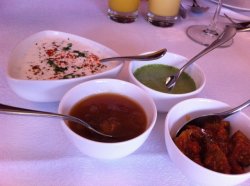 美丽的江景 可爱的服务 好吃的咖喱 joan_smile等級42012-03-064 瀏覽 關注 一进去就被这家的装潢给迷住了 以白色系为主搭配红色 小细节的印度风情 超喜欢的 特别是小排排的小灯 好漂亮 拍了很多照片而且完全江景房啊 从2楼看出去 视野非常开阔 大气!可惜最近天气不好而且外面在弄市政工程 等工程好了 就有很开阔的外面直接看江景了1楼是他们家的酒吧 夏天一定很赞的 看意思外码头将来要火啊 说说菜吧走正餐路线 用刀叉按顺序上菜换盘子的当然点菜也不需要太注意的 没那么拘束的芒果酸奶 黄色的很好喝很纯的口感黄瓜酸奶酱 口味很好 点一盘 可以搭配很多食材 可以配蔬菜色拉和面饼如果觉得咖喱不和口味或者太辣是可以放点中和的 是很百搭的配菜香草薄荷酱 绿色的我个人很喜欢 幽幽淡淡的清香 不会太冲的感觉 很异域风 完全不同中餐的感觉了印度腌泡菜 我觉得大概属于比较印度风了 我不是很吃的怪 说不清楚的口味豆泥脆饼 很好吃!是用豆子做的 很脆 但是比较咸 吃了2片就不行了 当开胃菜还不错吧下面是主菜了 一般印度的主菜 就是咖喱和烧烤为主碳烤芝士无骨鸡 很好吃 味道浓郁入味 难得芝士和碳烤搭配的好碳烤酒肉好吃的 但是老了点点碳烤鲳鱼可以的酥皮素馅咖喱角:做的很好的外皮 厚厚的但是很脆 配着软糯的土豆泥很搭哦番茄浓汤 喝吃有点类似冬阴功汤 但是没冬阴功放那么多种香料的感觉还是番茄味占主导 蛮清爽的因为我们人多 所以直接帮我们分菜的所以拍照欠缺了咖喱虾仁 咖喱鱼 菠菜蘑菇 白咖喱什锦蔬菜 果仁香米饭这几样一起上 香米饭是用藏海花的汁浸过的 所以泛黄 但是还蛮好看的几种咖喱的菜 都是不同的咖喱 我个人比较喜欢种口味这几种还算没那么重口味或辣的咖喱菠菜蘑菇 我不喜欢吃菠菜 不过这个菠菜和什么奖励烧一起很浓的酱汁味道了配蘑菇倒也可以接受上来好几种印度饼 都很好吃 完全不同口感大家都觉得果仁白面饼最好吃 果仁脆脆的口感 和面饼一起烘烤后产生了一种微甜的口感 让人觉得是种新的很特别的饼印度手工库菲冰淇淋 这个我个人觉得冰激凌很好吃 但是里面的果仁也太多了吧 喧宾夺主了印度马萨拉奶茶 是我完全不能接受的味道 因为好重的草药味啊据说这个吃完咖喱可以清口 反正我接受不能 感觉就是中药了 我最怕中药味道了因为是比较正式的西式印度菜吧 所以上菜什么的都是一步步来的 不要着急哦很多印度服务生 态度都很好 别被环境和过程吓唬了 其实性价比真心不贵人均150内可以吃很好了走的时候还看了眼一楼的酒吧 怎么说那 现代印度风 哈哈西式装修 但是融入了很多印度元素 生命树 龙鳞墙 当然还是全江景哦 不过要等市政工程结束 嘻嘻…查看更多+ 8以上食評乃用戶個人意見 , 並不代表OpenRice之觀點。讚好分享美丽的江景 可爱的服务 好吃的咖喱 极印度餐厅 https://s.openrice.com/KtbT100O1q200檢舉 張貼 評分4味道5環境4服務4衛生3抵食推介美食正正正正正正正正正正咖喱鸡咖喱鱼芒果酸奶果仁白面饼印度手工库菲冰淇淋用餐日期2012-03-03人均消費¥120 (午餐)
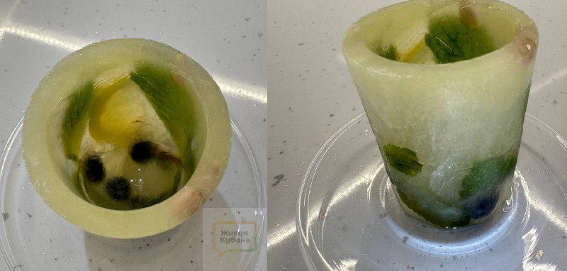 Залить в форму можно простую воду или воду с пищевым красителем (может, вам захочется розовые, голубые стаканы или красные - в честь символа 2026 года - Огненной Красной Лошади). Можно заморозить не воду, а сок, например, лимонный - это зависит от того, какие напитки вы подадите гостям в ледяных стаканчиках.
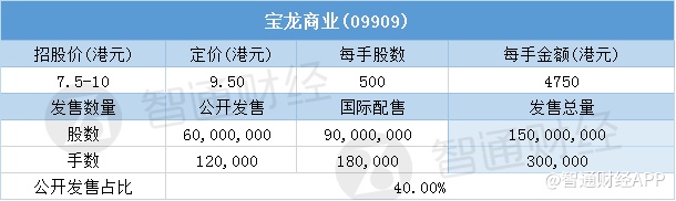 智通财经APP获悉,12月27日,宝龙商业(09909)配售结束。配售招股价7.5-10港元,最终定价9.5港元,每手4750港元。
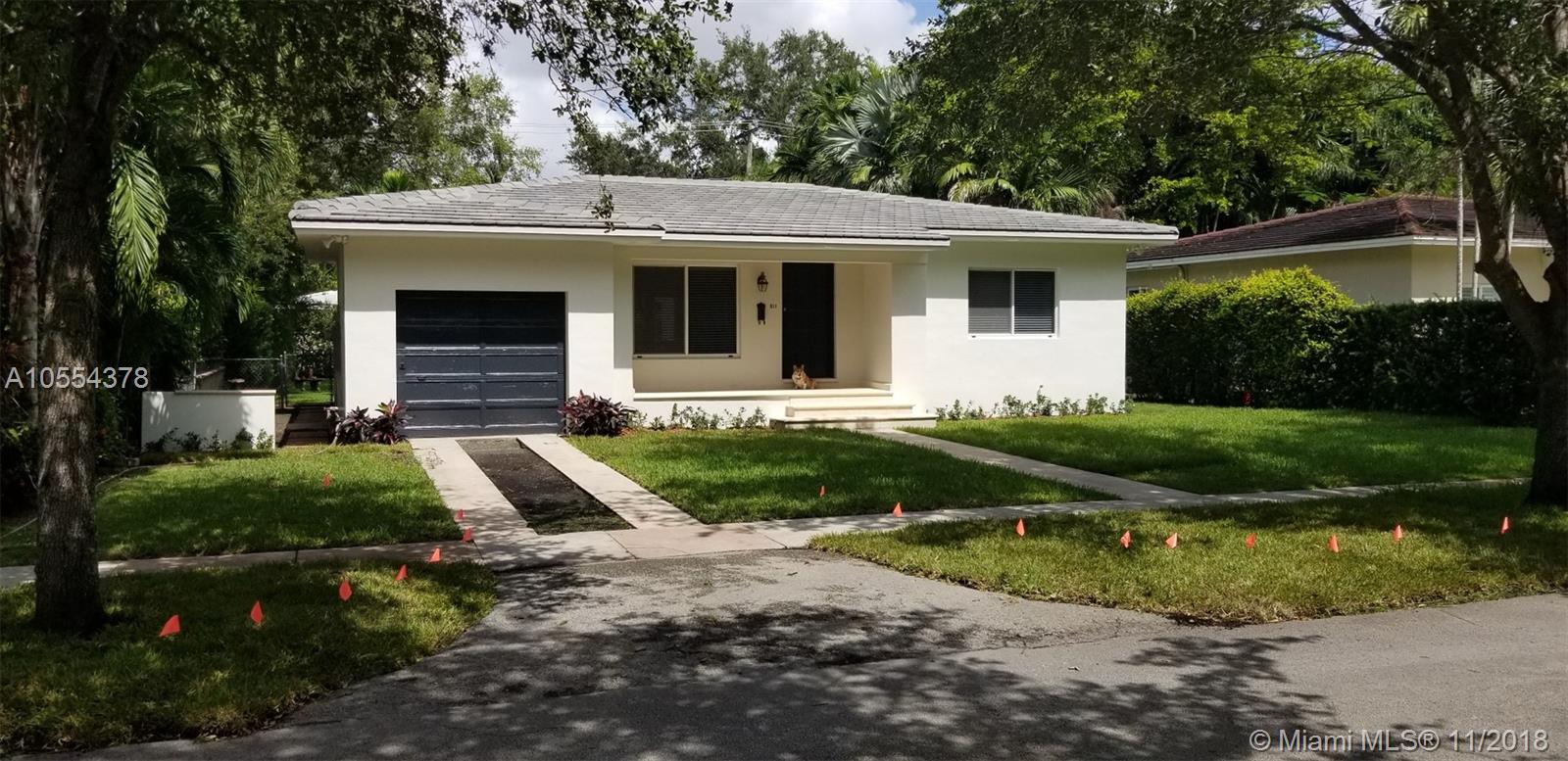 Updated Home near Country Club of Coral Gables, one block from the golf course. It sits on a deep 135ft by 66ft wide lot, approximately 9,000 sq.ft. Very large backyard with possibilities for ALL types of additions and/or pool. Living room and bedrooms with oak wood flooring. 3 bedroom/1 bathroom. Bathroom, dining and kitchen with crema marfil marble flooring and designer custom cabinetry. New custom made kitchen with wood cabinets and new whirlpool, kitchenette, wolf appliances with large island. French doors. Tile roof (+- 7yr old). ALL mech, elec, plumbing updated. House is connected to city sewer, fpl electric lines from pole to electric meter were relocated underground around the property lines, also att and comcast lines.
==========
Would you please set down the listing above exactly, minus its images?

 美丽的江景 可爱的服务 好吃的咖喱 joan_smile等級42012-03-064 瀏覽 關注 一进去就被这家的装潢给迷住了 以白色系为主搭配红色 小细节的印度风情 超喜欢的 特别是小排排的小灯 好漂亮 拍了很多照片而且完全江景房啊 从2楼看出去 视野非常开阔 大气!可惜最近天气不好而且外面在弄市政工程 等工程好了 就有很开阔的外面直接看江景了1楼是他们家的酒吧 夏天一定很赞的 看意思外码头将来要火啊 说说菜吧走正餐路线 用刀叉按顺序上菜换盘子的当然点菜也不需要太注意的 没那么拘束的芒果酸奶 黄色的很好喝很纯的口感黄瓜酸奶酱 口味很好 点一盘 可以搭配很多食材 可以配蔬菜色拉和面饼如果觉得咖喱不和口味或者太辣是可以放点中和的 是很百搭的配菜香草薄荷酱 绿色的我个人很喜欢 幽幽淡淡的清香 不会太冲的感觉 很异域风 完全不同中餐的感觉了印度腌泡菜 我觉得大概属于比较印度风了 我不是很吃的怪 说不清楚的口味豆泥脆饼 很好吃!是用豆子做的 很脆 但是比较咸 吃了2片就不行了 当开胃菜还不错吧下面是主菜了 一般印度的主菜 就是咖喱和烧烤为主碳烤芝士无骨鸡 很好吃 味道浓郁入味 难得芝士和碳烤搭配的好碳烤酒肉好吃的 但是老了点点碳烤鲳鱼可以的酥皮素馅咖喱角:做的很好的外皮 厚厚的但是很脆 配着软糯的土豆泥很搭哦番茄浓汤 喝吃有点类似冬阴功汤 但是没冬阴功放那么多种香料的感觉还是番茄味占主导 蛮清爽的因为我们人多 所以直接帮我们分菜的所以拍照欠缺了咖喱虾仁 咖喱鱼 菠菜蘑菇 白咖喱什锦蔬菜 果仁香米饭这几样一起上 香米饭是用藏海花的汁浸过的 所以泛黄 但是还蛮好看的几种咖喱的菜 都是不同的咖喱 我个人比较喜欢种口味这几种还算没那么重口味或辣的咖喱菠菜蘑菇 我不喜欢吃菠菜 不过这个菠菜和什么奖励烧一起很浓的酱汁味道了配蘑菇倒也可以接受上来好几种印度饼 都很好吃 完全不同口感大家都觉得果仁白面饼最好吃 果仁脆脆的口感 和面饼一起烘烤后产生了一种微甜的口感 让人觉得是种新的很特别的饼印度手工库菲冰淇淋 这个我个人觉得冰激凌很好吃 但是里面的果仁也太多了吧 喧宾夺主了印度马萨拉奶茶 是我完全不能接受的味道 因为好重的草药味啊据说这个吃完咖喱可以清口 反正我接受不能 感觉就是中药了 我最怕中药味道了因为是比较正式的西式印度菜吧 所以上菜什么的都是一步步来的 不要着急哦很多印度服务生 态度都很好 别被环境和过程吓唬了 其实性价比真心不贵人均150内可以吃很好了走的时候还看了眼一楼的酒吧 怎么说那 现代印度风 哈哈西式装修 但是融入了很多印度元素 生命树 龙鳞墙 当然还是全江景哦 不过要等市政工程结束 嘻嘻…查看更多+ 8以上食評乃用戶個人意見 , 並不代表OpenRice之觀點。讚好分享美丽的江景 可爱的服务 好吃的咖喱 极印度餐厅 https://s.openrice.com/KtbT100O1q200檢舉 張貼 評分4味道5環境4服務4衛生3抵食推介美食正正正正正正正正正正咖喱鸡咖喱鱼芒果酸奶果仁白面饼印度手工库菲冰淇淋用餐日期2012-03-03人均消費¥120 (午餐)
 Залить в форму можно простую воду или воду с пищевым красителем (может, вам захочется розовые, голубые стаканы или красные - в честь символа 2026 года - Огненной Красной Лошади). Можно заморозить не воду, а сок, например, лимонный - это зависит от того, какие напитки вы подадите гостям в ледяных стаканчиках.
 智通财经APP获悉,12月27日,宝龙商业(09909)配售结束。配售招股价7.5-10港元,最终定价9.5港元,每手4750港元。
 Updated Home near Country Club of Coral Gables, one block from the golf course. It sits on a deep 135ft by 66ft wide lot, approximately 9,000 sq.ft. Very large backyard with possibilities for ALL types of additions and/or pool. Living room and bedrooms with oak wood flooring. 3 bedroom/1 bathroom. Bathroom, dining and kitchen with crema marfil marble flooring and designer custom cabinetry. New custom made kitchen with wood cabinets and new whirlpool, kitchenette, wolf appliances with large island. French doors. Tile roof (+- 7yr old). ALL mech, elec, plumbing updated. House is connected to city sewer, fpl electric lines from pole to electric meter were relocated underground around the property lines, also att and comcast lines.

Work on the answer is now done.